Di medan pertempuran, Abu Qudamah sempat meminta pemuda itu untuk mundur ke barisan belakang karena usianya yang masih belia dan pengalamannya yang minim. Namun sang pemuda menjawab dengan sebuah ayat Al-Qur’an yang tak terbantahkan — bahwa Allah memerintahkan orang-orang beriman untuk tidak berpaling dari musuh saat bertemu di medan perang. Abu Qudamah terdiam. Ia tak mampu membantah argumen yang bersandarkan langsung pada firman Allah.
Di sela-sela waktu istirahat antar pertempuran, sementara para pejuang lainnya beristirahat karena kelelahan, pemuda itu justru sibuk menyiapkan makanan bagi para mujahidin, mengencangkan tali kuda, dan menyediakan rumput untuk tunggangan mereka. Pemandangan itu membuat Abu Qudamah semakin takjub.
Mimpi yang Menjadi Nyata
Malam harinya, Abu Qudamah mendapati pemuda tersebut tertidur di dalam kemahnya dengan senyum lebar merekah di wajahnya. Penasaran, ia menunggu hingga sang pemuda terbangun, lalu bertanya tentang apa yang ia lihat dalam mimpinya.
Pemuda itu berkisah: ia bermimpi memasuki surga, menyaksikan taman-taman yang indah, para pelayan, dan hamparan surga yang tak terbatas luasnya. Di sana, ia berjumpa dengan seorang wanita yang kecantikannya tak tertandingi. Wanita itu menyapanya sebagai suami, dan berkata bahwa mereka akan bertemu keesokan harinya — isyarat bahwa kematian syahid sudah menanti sang pemuda.
Abu Qudamah mengakui bahwa meski telah bertahun-tahun berjihad, ia sendiri belum pernah mendapat mimpi seindah itu.
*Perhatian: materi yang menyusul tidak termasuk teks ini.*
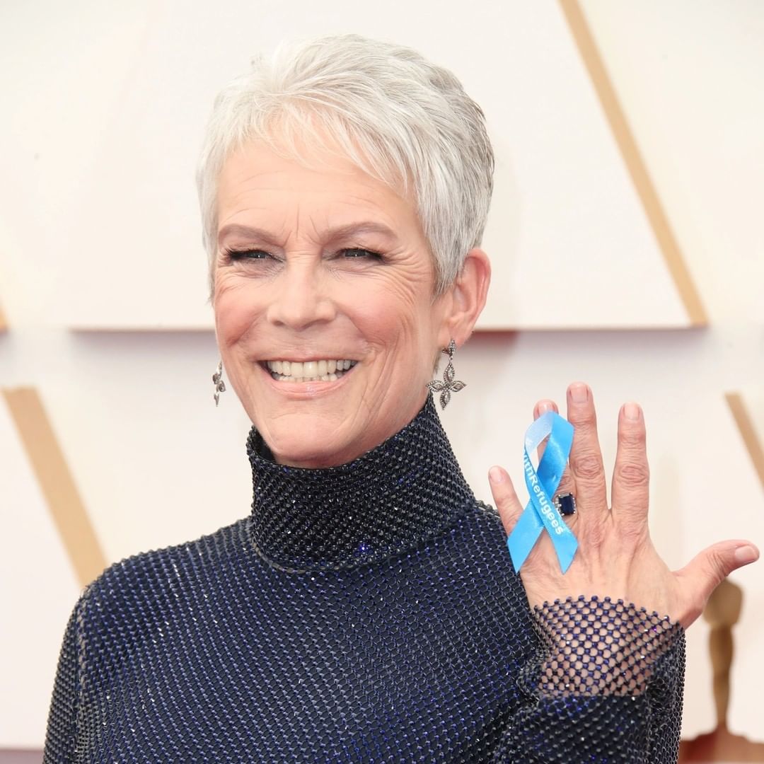 Jamie Lee Curtis wore a ribbon as a tribute to refugees amid Russia's ongoing attack on Ukraine while actors Jason Momoa and Benedict Cumberbatch wore Ukraine's colors, blue and yellow, in a pocket handkerchief and pin, respectively.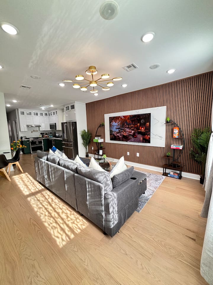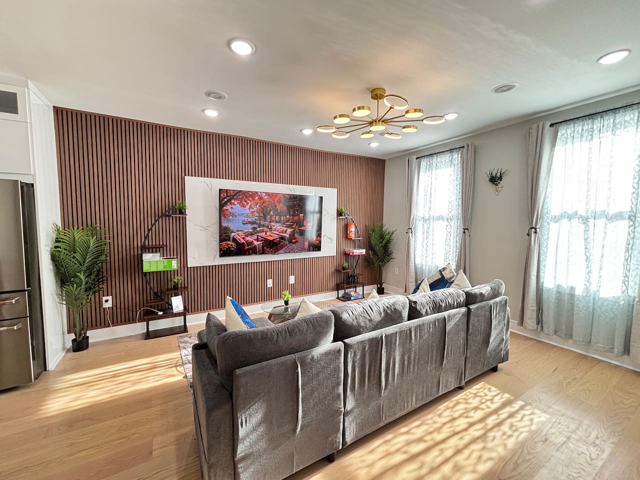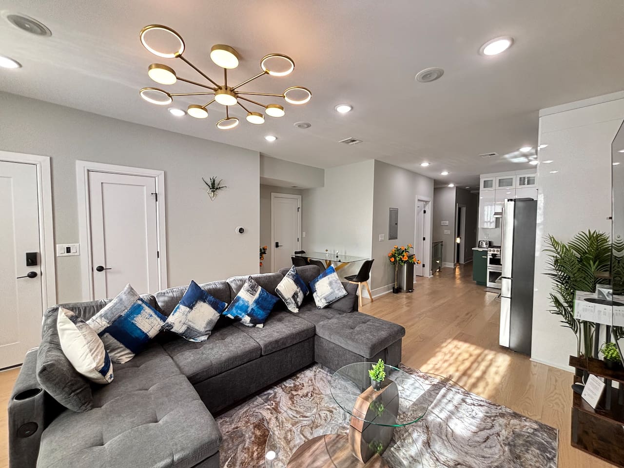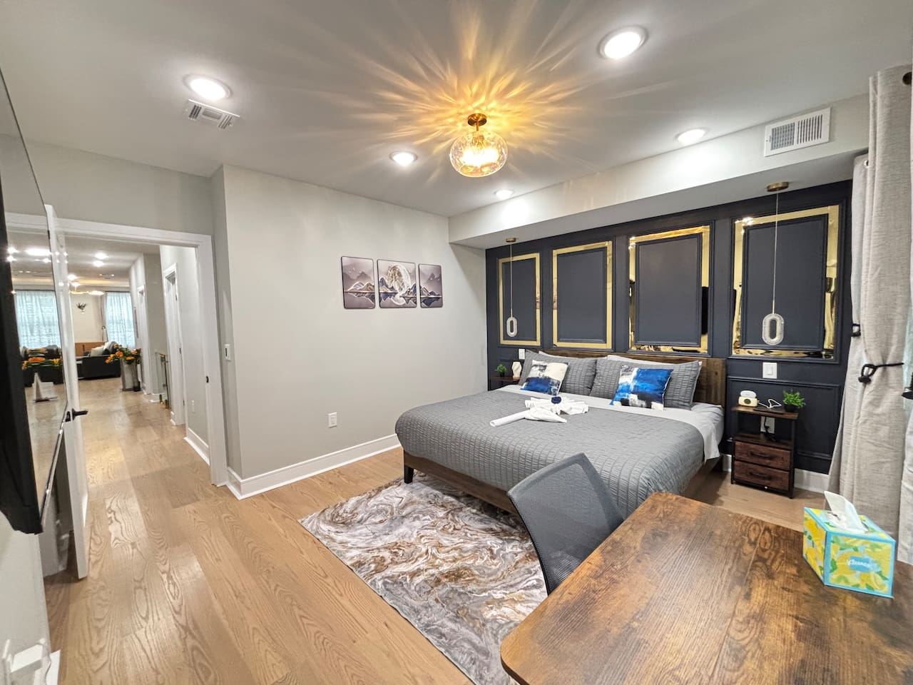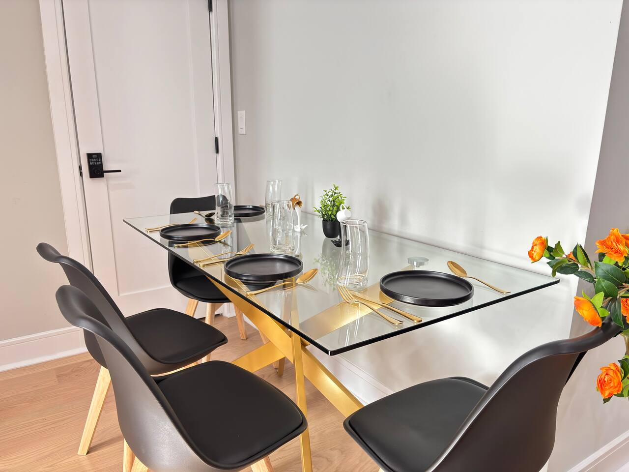 โจ Amenities & Highlights ๐ก Enhanced Safety: Ring cameras at the front entrance for added peace of mind. ๐จ High-Speed Internet: Lightning-fast 500+ Mbps Wi-Fi for streaming, work calls, and browsing. ๐ป Work-Friendly Space: Dedicated desk with built-in charging ports for productivity on the go. ๐ Luxurious Bedrooms: One king bed and two queen beds with 12-inch premium memory foam mattresses and fine linens. ๐ Stylish Living Room: Includes a queen pull-out sofa, Smart 4K Fire TV, and Xbox with Ultimate Game Pass (any purchases billed to your account). ๐ฒ Entertainment Ready: Selection of board games for cozy nights in. ๐ฝ Chef-Ready Kitchen: Fully stocked with a stove, dishwasher, refrigerator, microwave, toaster, coffee maker, and all cookware essentials. โ๏ธ Smart Refrigerator: ThinQ fridge with filtered water, crushed/cubed ice, and Wi-Fi controls. ๐งด Hotel-Quality Essentials: Fresh linens, plush towels, and premium toiletries for a refined stay. ๐งบ Laundry Access: Samsung Bespoke washer and dryer located downstairs, accessible via a short flight of stairs. โจ Spotless Clean: Professionally cleaned and sanitized before and after each stay for a pristine environment.

Gugur dengan Senyum, Dijemput Bidadari
Keesokan harinya, pertempuran kembali berkecamuk. Pemuda itu kembali berada di garis terdepan. Ketika peperangan usai dan kaum Muslimin meraih kemenangan, Abu Qudamah segera mencari sang pemuda di antara deretan jenazah para pejuang.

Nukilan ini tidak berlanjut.